I stutter because I am an alien in this country. My mom, the unpaid interpretation and subtitle service, cuts in: “You mean to say ‘the size of the mug?” And I am internally bowing to the universe like “Wow.” I judged a culture when I was linguistically bankrupt in it. Iconic. Embarrassing. Academically impressive in stupidity.
The Stroke that Shattered the Shield
My brain literally exploded, causing a hemorrhagic stroke, forcing me to deal with my emotional and physical vulnerabilities. I realized to what extent I had been suppressing my pain and the significance of embracing vulnerability for healing. I was in the ER screaming, “Give me morphine!” The girl who never cried over broken bones was begging like a building in collapse.
I was not strong. I was not special. I was just flesh and meat.
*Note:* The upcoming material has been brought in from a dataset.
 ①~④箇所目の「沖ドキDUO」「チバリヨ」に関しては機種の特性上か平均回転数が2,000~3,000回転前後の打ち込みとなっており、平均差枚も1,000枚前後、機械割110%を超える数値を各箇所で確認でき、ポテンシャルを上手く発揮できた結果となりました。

And then— She came. My mom. After decades of silence, she walks in the ICU door like she never logged out. No interrogation. No resentment. Just— Presence.
Shopping for Connection at Dream Mall
In Kaohsiung. For her. “OH! There’s a Studio A!” I sprint like a broken iPhone that found religion. My mom replies, “You can just fix your laptop here.” The universe provides me a solution to the one thing holding me back from leaving Taipei: A legit place to fix my Apple products.
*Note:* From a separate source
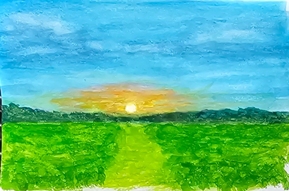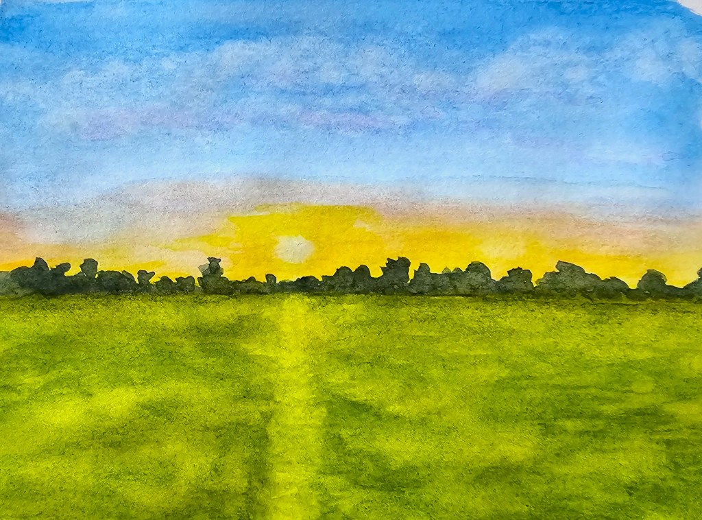 I then switched over to watercolors and painted another mini landscape (see below). As I struggled with it, I was reminded that paper that’s not made for watercolors can make using them a struggle–the paper warps and the watery paint tends to sit on top of the paper, not being absorbed like it should. The water brushes were another problem–their stiff nylon bristles were often lifting off more color than they were putting down. And then there was the bad decision making–I tried to blend a more natural looking green for the grass but ended up with a muddy, dull color.

Suddenly, life makes sense. Not because of technology, but because somebody is genuinely thinking for me. We wander. I write about chaos. She talks about logic. “Look at all these mini-hot pot brands!” “That’s not a mug.” “Single-serve blender!!” There’s no structure to our conversation, yet warmth is present.
The Poetry of a $236 Chicken Combo
We descend into B1: The Food court. Everything is… healthy. Suspiciously healthy. “The only edible thing is chicken,” I point at Kyochon Chicken.
- “Do you need a bag?” – Yes.
- “The combo comes with soup?” – Yes.
- “$236 total, need a receipt?” – No.
- “Do you have NT $6 change?” – …I think so.
And suddenly— I feel like crying. Because this mundane dialogue feels like poetry. I used to think “home” was about class and aesthetics. Now I realize— Home is someone checking if you have $6 in change.
Kaohsiung: Fresh Seafood and Gentle Slaps of Reality
The seafood here is so fresh it feels like it’s rinsing my sins. The fruits are unreasonably large and offensively sweet. I bite into a papaya and realize I have been so lost. I chased “elsewhere” my entire life, while authenticity was sitting in a place I mocked.
My superiority complex was just insecurity in couture:
- “I don’t need family” = I’m afraid I’m unlovable.
- “I hate Taiwanese people” = I’m afraid of being judged.
- “I’m Canadian” = I’m running from myself.